2

I need to substitute \x0d\x0a to \x2c\x0d\x0a in a file

The following does not do anything:

awk '{if NR> 1 {gsub(/\x0D\x0A/,"\x2C\x0D\x0A"); print}}' test.csv > testfixed.csv
$ xxd test.csv
00000e0: 350d 0a45 4941 2d39 3330 2c44 6169 6c79  5..EIA-930,Daily
00000f0: 2c4e 5949 532c 2c55 5443 302c 3030 3132  ,NYIS,,UTC0,0012
kvantour
  • 25,269
  • 4
  • 47
  • 72
daimne
  • 47
  • 1
  • 6

2 Answers2

3

You are trying to make a substitution of the hex string \x0D\x0A which is nothing more than CRLF or \r\n.
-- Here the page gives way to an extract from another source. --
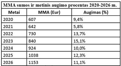 Aurelija Maldutytė, Lietuvos darbdavių konfederacijos prezidentė: – Yra buvę svarstymų dėl MMA diferencijavimo regionuose, tačiau pagrindinis motyvas to nedaryti – regionų gyventojai negali gyventi prasčiau. Vis dėlto būtina pripažinti, kad MMA skaičiavimo formulė, taikoma nuo 2017 metų, nebeatitinka šiandieninės ekonominės realybės, o jos kilimas dviženkliais procentais yra per spartus. Tarptautinės organizacijos ne kartą atkreipė dėmesį, kad Lietuvoje darbo našumas neauga taip greit kaip atlyginimai. Pagal atlyginimams skiriamą pajamų dalį esame aukščiau ES vidurkio, taigi verslas nepiktnaudžiauja. Šiemet trišalės tarybos formate siūlėme MMA nedidinti, užšaldyti – pažiūrėti, kiek darbo užmokestis didės natūraliai. Deja, šis siūlymas nebuvo išgirstas, net ir pačioje verslo bendruomenėje nuomonės išsiskiria. Valstybės skatinamos kurti aukštos pridėtinės vertės ekonomiką – kai gamyba yra inovatyvi, automatizuota, o darbuotojai kuria pažangius, brangesnius produktus. Tačiau Lietuvoje matome priešingą efektą – keliame MMA, bet algas gaunantieji nuo to vertės daugiau nesukuria. Valgyklos virėja nuo to nepagamina daugiau maisto, nepritraukia daugiau klientų, o tik padidina savikainą. Tad natūralu, kad ir duona, ir pienas po kiekvieno MMA kilimo kainuoja daugiau. Labiausiai skaudu, kad iš valstybės nematome lygiaverčio solidarumo. Verslui keliami didesni reikalavimai – didinti atlyginimus, susimesti gynybos finansavimui (ko tikrai nekvestionuojame), prisitaikyti. Tačiau tuo pat metu biurokratinis aparatas didėja. Šiemet nauja Vyriausybė darbuotojų skaičių savo ministerijose padidino 4,1 proc., arba 160-ia darbuotojų, – tai prilygsta dar vienos ministerijos atsiradimui. Tai nuvilia. Norėtųsi matyti, kad valstybė taip pat veržiasi diržus, kaip tai daro verslas.

Since by default splits its records on the <newline> character (which is LF), you actually never have to try to match your <newline> character \n (or \x0a). So all you need to do is substitute \r into ,\r (0x2c is the hex value of ,). So this should do the trick:

awk '(NR>1){sub("\r$",",\r"); print}' file

So why was your script failing?

As mentioned before, works in records and the default record separator is the <newline> character. This means that the <newline> character, also written as \n and having hexadecimal value \x0a, is never part of the record $0. Also, the print statement automatically adds its record output separator ORS after the record. By default this is again the <newline> character. So you did not have to try to substitute that. All you had to do was:

awk 'NR > 1 {sub(/\x0D$/,"\x2C\x0D"); print}' test.csv > testfixed.csv

So is it possible to substitute by means of its hexacedimal values?

Yes, clearly it is!

echo -n "Hello World" | awk 'sub(/\x57\x6f\x72\x6c\x64/,"\x43\x6f\x77")'

But how can I change <newline>?

You can just redefine the output record separator ORS:

awk -v ORS="whatever" '1'

Also, using GNU awk, you can follow glenn jackman's solution.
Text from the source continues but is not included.